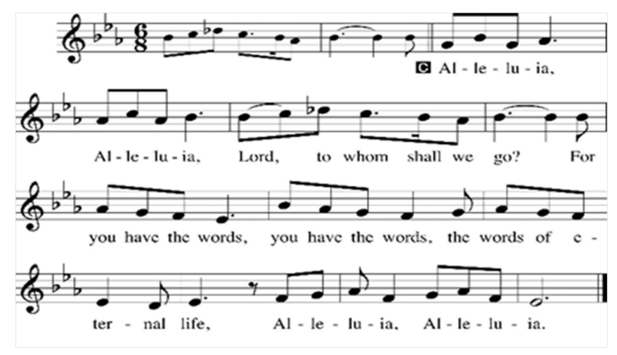
HOLY GOSPEL P: The Holy Gospel according to Luke 21:5-19 C: Glory to you, O Lord.
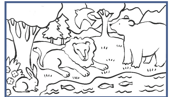
Jesus made the world beautiful with trees and flowers. He made fish, birds, and animals.
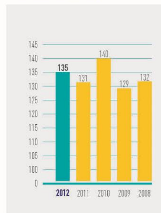
Net Current Assets (RM Million)
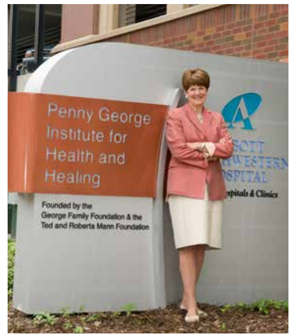
In 2008, the Institute for Health and Healing at Abbott Northwestern was renamed the Penny George Institute for Health and Healing.
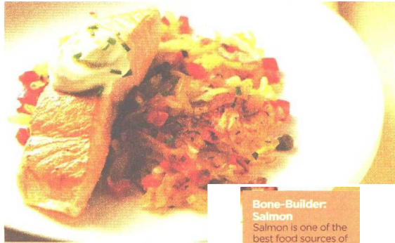
Bone-Builder: Salmon Salmon is one of the best food sources of vitamin D, which helps your body absorb calcium.

healthier bones. But a growing body of research supports the importance of other nutrients in helping the body absorb and process calcium, including vitamins D and K. We tapped Cat Cora, Iron Chef America star and cohost with chef Curtis Stone of Bravo's Around the World in 80 Plates , for two delicious ways to boost your intake of these key bone-boosters.
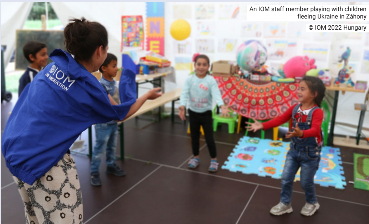
An IOM staff member playing with children fleeing Ukraine in Záhony

IOM Hungary in cooperation with Záhony Town Hall has opened a child-friendly space in Záhony Railway Station, at the border crossing point with Ukraine. It was created in response to the Russian invasion of Ukraine in February 2022. The child-friendly space consists of a substantial area, and has different toys, board games, tools for drawing and a small playground for outdoor activities. Most of the time, a kindergarten teacher is present to play with newly arrived children and families. As people in the train station are in transit, the use of the safe space varies.
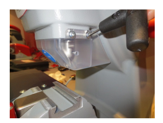
Loosen right side screws
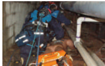
NY-TF 1 members navigate a tunnel as they search for trapped victims during a drill.
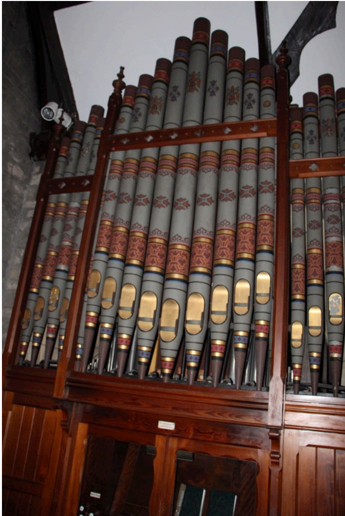
The organ dates from 1880. It was made by Conacher and Co of Huddersfield.
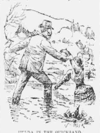
HULDA IN THE QUICKSAND.

the valley of San Bernardino of course he knew nothing about raising and marketing oranges, and as a consequence he was well on the road to grief by the time he had learned, and it was about this time that I, Jack Gillette, an old bachelor with more money than anything else except love for George and his youngsters, happened out his way and furnished him with sufficient funds to keep the wolf and the sheriff away from his door.
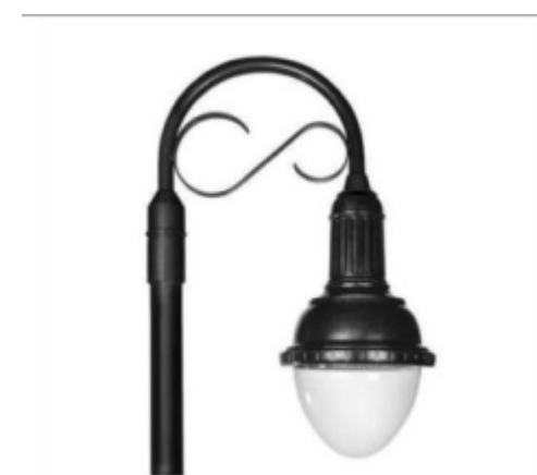
PARKING LOT LIGHTING, DOWN LIGHTING OR EQ.
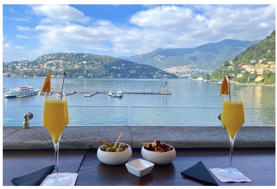
A stunning Lake Como view from the Vista Palazzo

An overnight stay at five-star <u>Vista Palazzo</u> is an aristocratic immersion. Its 18 palatial guest rooms and suites are lavishly decorated with Dedar fabrics, Italian marble and soaking tubs. Guests are personally pampered by butler Alberto, who presents perks like a pillow menu. There's a welcome drop in room rates during low season.
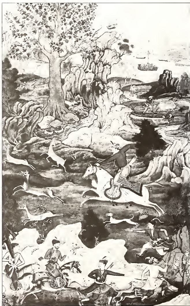
Figure 24. Mukund, Faridun, and the Gazelle , from a Khamsa of Nizāmi. India, Mughal dynasty, 1595. Opaque watercolor on paper, 17.2 x 10.7. British Library, Oriental and India Office Collections, London, Or. 12208, fol. 19a
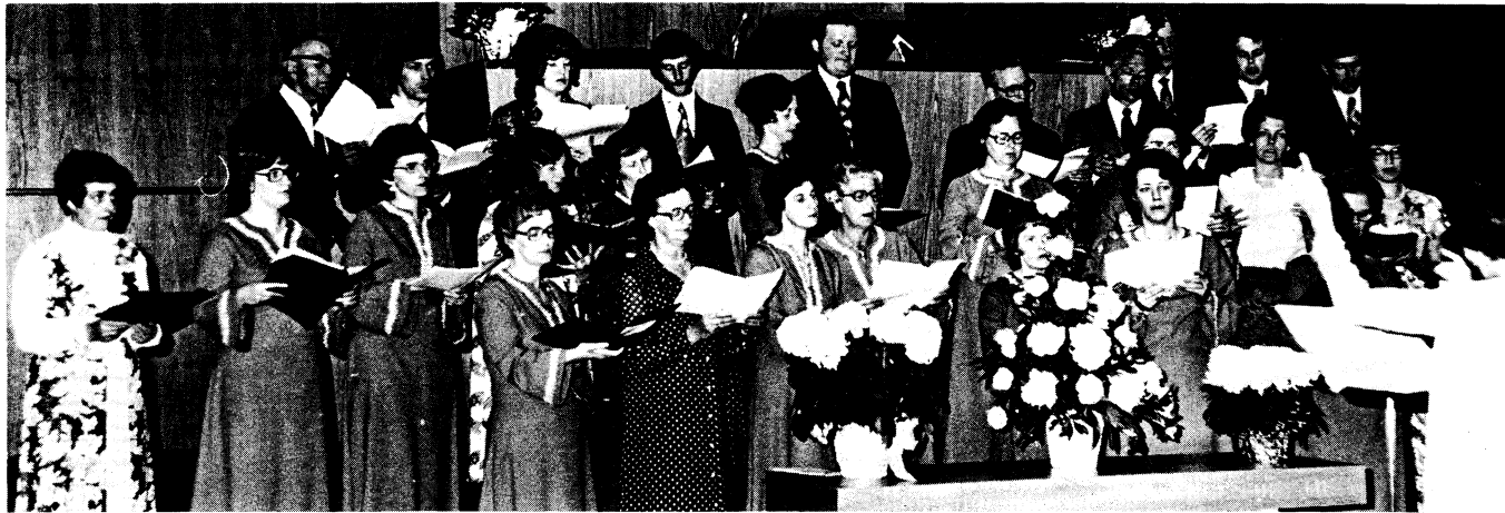
The Choir of the Maranatha Church.
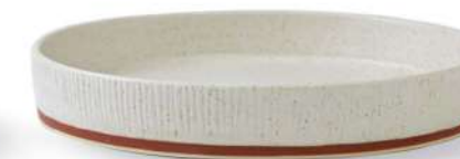
Plate 2939 - Ø17.5 x H3 cm 330 ml
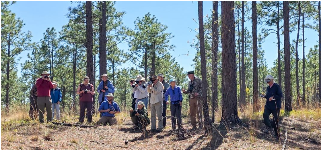
Documenting the endangered Frosted Elfin

→ **What you will do**: Take the lines above starting at the one containing "Jesus made the" and ending at the one containing "An IOM staff", and print them again exactly, without pictures.

→ **Answer**:
Jesus made the world beautiful with trees and flowers. He made fish, birds, and animals.
Net Current Assets (RM Million)
In 2008, the Institute for Health and Healing at Abbott Northwestern was renamed the Penny George Institute for Health and Healing.
Bone-Builder: Salmon Salmon is one of the best food sources of vitamin D, which helps your body absorb calcium.

healthier bones. But a growing body of research supports the importance of other nutrients in helping the body absorb and process calcium, including vitamins D and K. We tapped Cat Cora, Iron Chef America star and cohost with chef Curtis Stone of Bravo's Around the World in 80 Plates , for two delicious ways to boost your intake of these key bone-boosters.
An IOM staff member playing with children fleeing Ukraine in Záhony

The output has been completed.